Linearity of calibration curves obtained via (A–C) LC–MS/MS and (D) UHPLC.
Intraday and inter-day repeatability and recovery test
Table 3 lists intraday and inter-day repeatability calculated for Nτ-methylhistidine (m/z 170.20>96.10 and 170.20>124.10) and Nπ-methylhistidine (m/z 170.20>96.10) using LC–MS/MS. The accuracies were considered acceptable if they fit within the range of 85%–115%. Values were comparable with that for Nτ-methylhistidine obtained by UHPLC.

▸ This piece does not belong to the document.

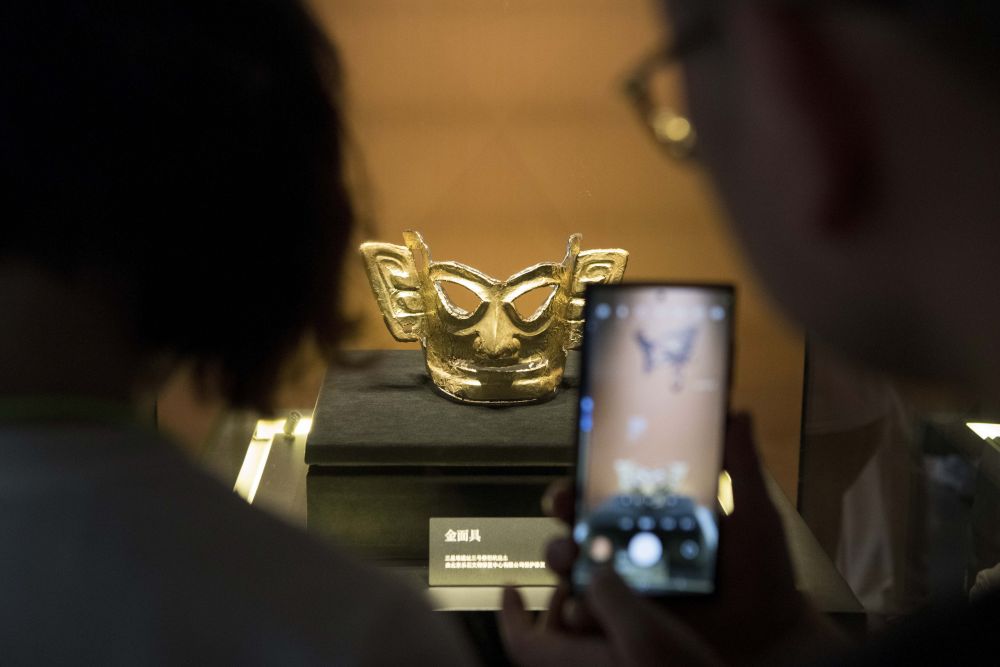 2024年7月22日,在四川广汉三星堆博物馆文物保护与修复馆,游客在参观修复后的金面具。科技赋能让文物活起来,观众得以参与一场能“听见”“触摸”“走入”的跨时空文明对话。

Table 3. Intraday repeatability and inter-day reproducibility of assays.
| Intraday | Inter-day | |||||||||||
| Day 1 | Day 2 | Day 3 | ||||||||||
| Measured concentration (μmol/L) |
RSD (%) |
Measured concentration (μmol/L) |
RSD (%) |
Measured concentration (μmol/L) |
RSD (%) |
Measured concentration (μmol/L) |
RSD (%) |
|||||
| Nτ-Methylhistidine | ||||||||||||
| LC–MS/MS (m/z 170.20>96.10) |
12.64 | 5.97 | 11.34 | 4.66 | 12.11 | 3.13 | 11.84 | 1.45 | ||||
| LC–MS/MS (m/z 170.20>124.10) |
12.25 | 5.44 | 11.60 | 6.93 | 12.00 | 4.37 | 11.95 | 1.17 | ||||
| UHPLC | 10.37 | 4.21 | 10.80 | 3.86 | 9.80 | 4.95 | 10.32 | 5.77 | ||||
| Nπ-Methylhistidine | ||||||||||||
| LC–MS/MS (m/z 170.20>96.10) |
7.99 | 9.83 | 7.69 | 6.52 | 8.37 | 9.68 | 8.01 | 2.14 | ||||
Intraday and inter-day repeatability was measured as the mean value of six and three replicates, respectively. RSD (%) = (standard deviation / measured mean value) × 100.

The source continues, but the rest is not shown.